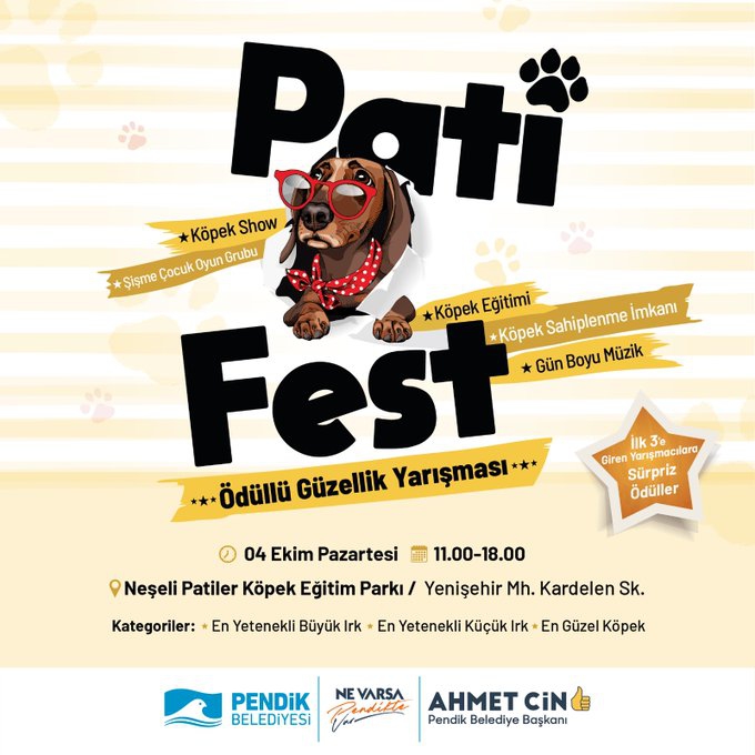 İlk 3’e Giren Yarışmacılara Sürpriz Ödüller olacaktır. 04 Ekim Pazartesi günü Neşeli Patiler Köpek Eğitim Parkı / Yenişehir Mh. Kardelen Sk. saat 11.00 – 18.00 gerçekleştirilecek.
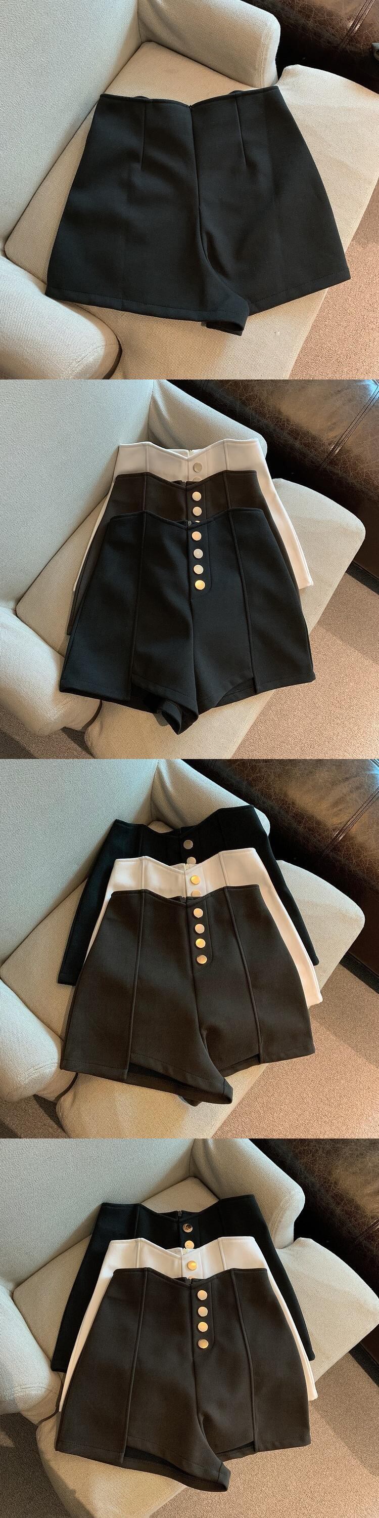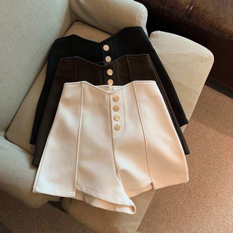 黒ウエストショートパンツ秋ホットワイド脚貨物 Pantalones Cortos デ戦利品ショーツショートパンツ野生のセクシーな ブラック オータム 秋物 ブルマー ワイドレッグ ワイドパンツ
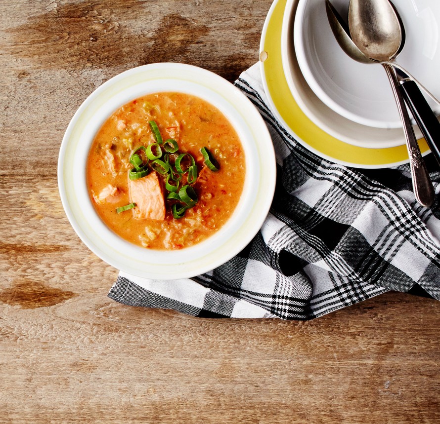 Lohikeitto saa uutta vääntöä kookosmaidosta ja kvinoasta.
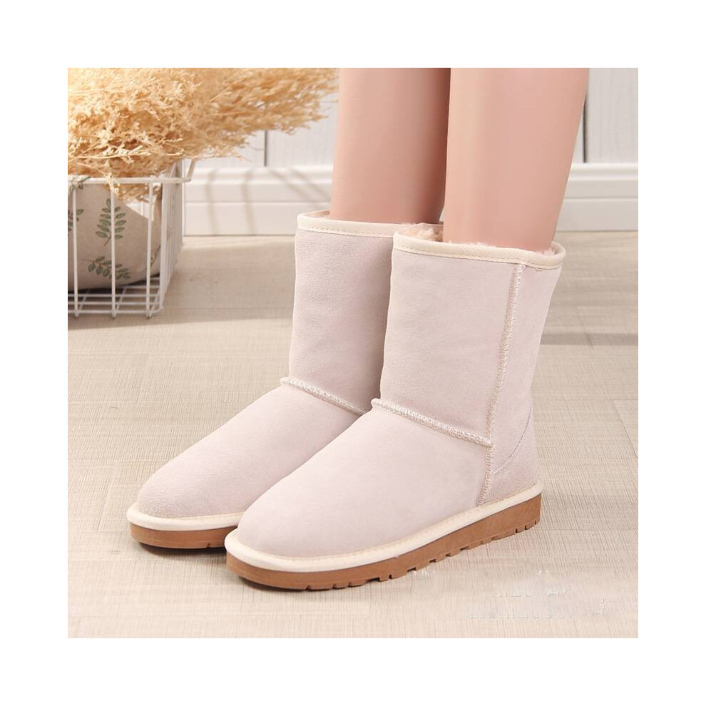 (Pink, 37Foot Length23.5cm/9.4in) Winter Men Womens Platform Warm Comfortable Fur Leather Snow Boots Sheepskin

☆ ☆ ☆

> _Exercise_: Print the whole listing exactly. No pictures belong in the copy.

> _Written answer_:
 İlk 3’e Giren Yarışmacılara Sürpriz Ödüller olacaktır. 04 Ekim Pazartesi günü Neşeli Patiler Köpek Eğitim Parkı / Yenişehir Mh. Kardelen Sk. saat 11.00 – 18.00 gerçekleştirilecek.
 黒ウエストショートパンツ秋ホットワイド脚貨物 Pantalones Cortos デ戦利品ショーツショートパンツ野生のセクシーな ブラック オータム 秋物 ブルマー ワイドレッグ ワイドパンツ
 Lohikeitto saa uutta vääntöä kookosmaidosta ja kvinoasta.
 (Pink, 37Foot Length23.5cm/9.4in) Winter Men Womens Platform Warm Comfortable Fur Leather Snow Boots Sheepskin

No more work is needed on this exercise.